Health Plan Leaders Try To Keep Up With Changing Industry, Study Finds

Managing costs and finding operational efficiencies topped the list of things that health plan leaders are concerned with, according to a new survey from HealthEdge.

The digital health solutions company surveyed more than 300 health plan officials from a range of payer types, with the goal of providing a better understanding of what is top of mind in the industry.

The result showed an increased priority on cost management and operational efficiencies, with member satisfaction and alignment of IT and business needs tying for third.

Health plan change is picking up speed

“The pace of change has picked up dramatically in the past year, with the introduction of new regulatory requirements, rising expectations among health care consumers, new competitive threats, and the shift toward value-based payment strategies,” the report says.

As with many issues facing companies and business leaders today, the pandemic has played a large role. The report’s authors point to an uptick in claim volumes and rising costs due to delays in care as two pandemic-related problems that companies are dealing with. The tight labor market is also a factor, the report says.

“Operational efficiencies have always been a challenge for health plans, but as workforce shortages continue to plague the market; health plan leaders appear to be looking for new ways to do more with fewer resources,” the authors write.

The report also notes the changing expectations of consumers. “Expectations continue to rise as health consumers’ purchasing drivers are being shaped by their retail experiences with companies like Amazon and Google,” the report says. “With greater access to real-time clinical and operational insights as well as the tools to facilitate meaningful member engagements, care managers are able to reach more members and build stronger member relationships to meet today’s health care consumer expectations.”

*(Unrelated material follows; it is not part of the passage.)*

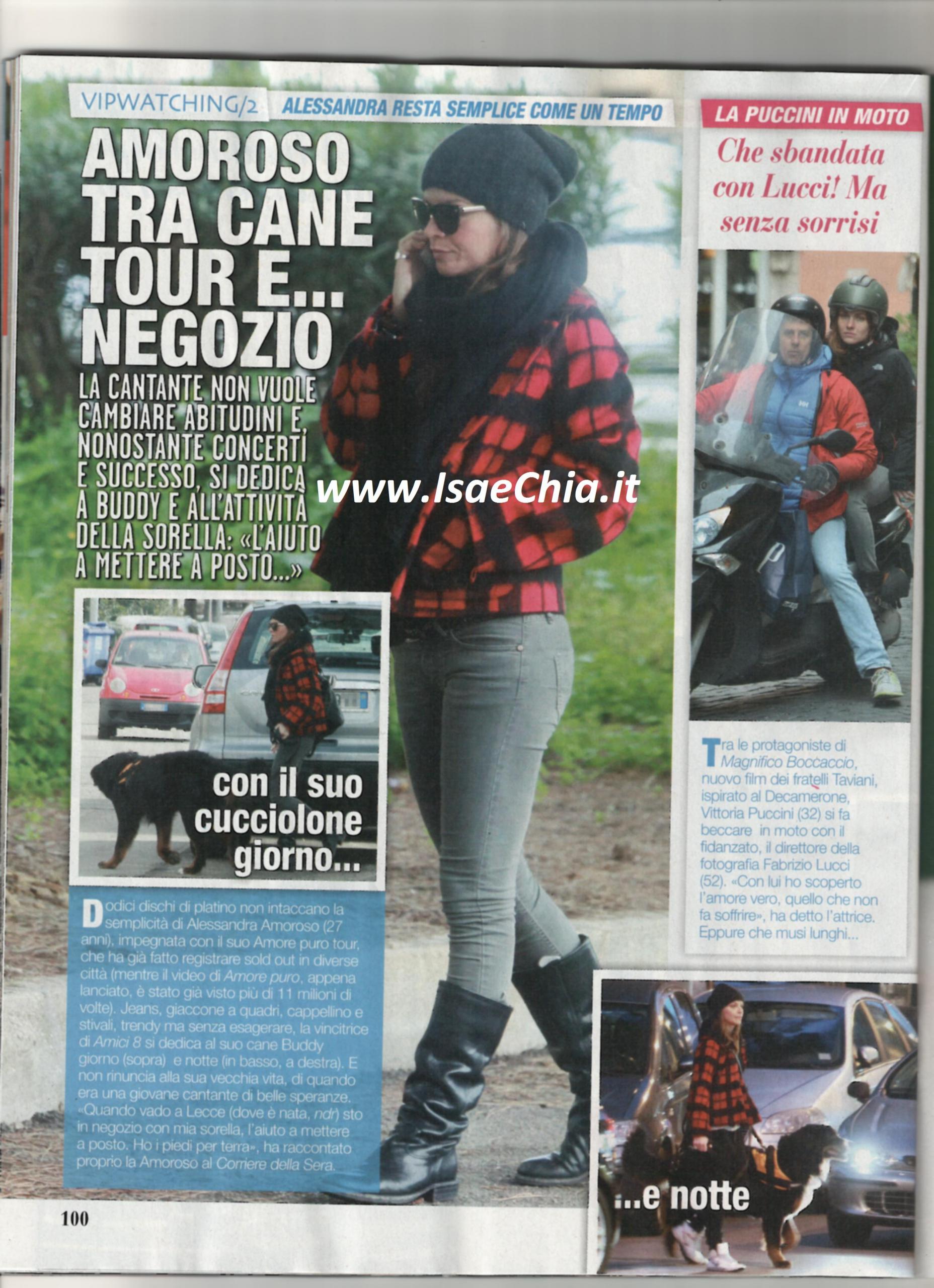 Dodici dischi di platino non intaccano la semplicità di Alessandra Amoroso, al momento impegnata col suo Amore puro Tour, che ha già registrato il sold-out in diverse città. Eccola, infatti, con jeans, giaccone a quadri, cappellino e stivali, trendy ma senza esagerare, in giro con il suo cagnolone Buddy, che fa una passeggiata. “Quando vado nella mia città natale, Lecce, sto in negozio con mia sorella e l’aiuto a mettere a posto” ha dichiarato lei, dimostrando di avere sempre i piedi per terra.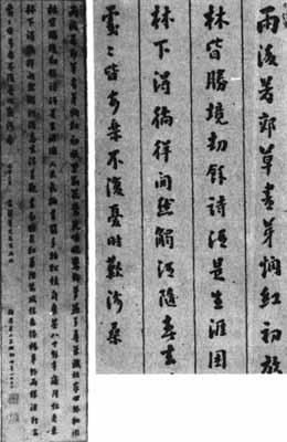 【简介】: 近代·王树枏书于1932年。纸本。行书四行,古体诗一首。《当代名人书林》著录。 【赏析】: 北碑书法,最终存世之面目,多是刀刻后的效果,形成其独特的“碑派”审美徵象;而原来由笔纸书写或书丹之妙隐然不可追索,即使是刻工精细者,也难以绝对地保持固有的笔墨质感。这是审美特徵的工具性蜕变,同时也给后人的艺术实践带来一个疑难。人们在临习的时候,往往忽视碑书的本质,斤斤计较于旣刻之字的点线肖像,以致于大大扭曲了“书写”的自然意义而流于刻作,能透视刀刻表象深入书法之理,融书、刻于一致者实实不易。 王树枏的这件作品略有起色,其用笔简、直而凝重,经过匠心排布而不失自然性情,深得六朝碑刻的资质;其浅看能圆、深味能方、不伸不拓的点划,和全在方体上紧装严束的字态,与其说它神似六朝,毋宁说是它对北碑书法客观审美特徵在“书写”意义上的中和反应和提摄,因而更流露出北碑系所没有的文人化—书卷气—碑刻书写韵味。 没有入木三分的眼力以及灵敏度极高的手感,是很难把握这种刀、笔之间的度数的。

One issue the report singles out is the need for access to real-time data. “In keeping with the trend toward modern technology, real-time access to data across payers, lines of business, and departments emerged as a common theme,” the report says. “By equipping users and clinical resources (care managers, nurses, physicians) with greater access to the most up-to-date data, everyone makes better decisions – for the financial health of the business as well as the health and wellbeing of the member. Good data typically equals good business.”

Priorities for leaders

The survey identifies several areas that health plan leaders say are priorities for the future. These include making significant investments in innovation (53%), align business and IT goals (53%), improve engagement strategies (52%), and modernize technology (51%).

Health plan leaders also had concerns about keeping up with an industry in flux; technology and labor shortages were listed as top concerns in both 2021 and 2022. The top concerns included lack of IT staff or resources, outdated technology or infrastructure, interoperability mandates, managing fee schedules, and lack of in-house regulatory experts.

“Themes from the survey indicate that health plan leaders are looking for new ways to do more with fewer resources in a digital, real-time manner,” HealthEdge says in a statement. “Health plans must increasingly be very agile, which comes down to the automation of manual processes and moving to more modern systems, as well as the growing demand for real-time data access to mitigate the costs and disadvantages associated with data lag. Connecting relevant claims and clinical data is a critical component of member satisfaction, compliance, and overall operational efficiency.”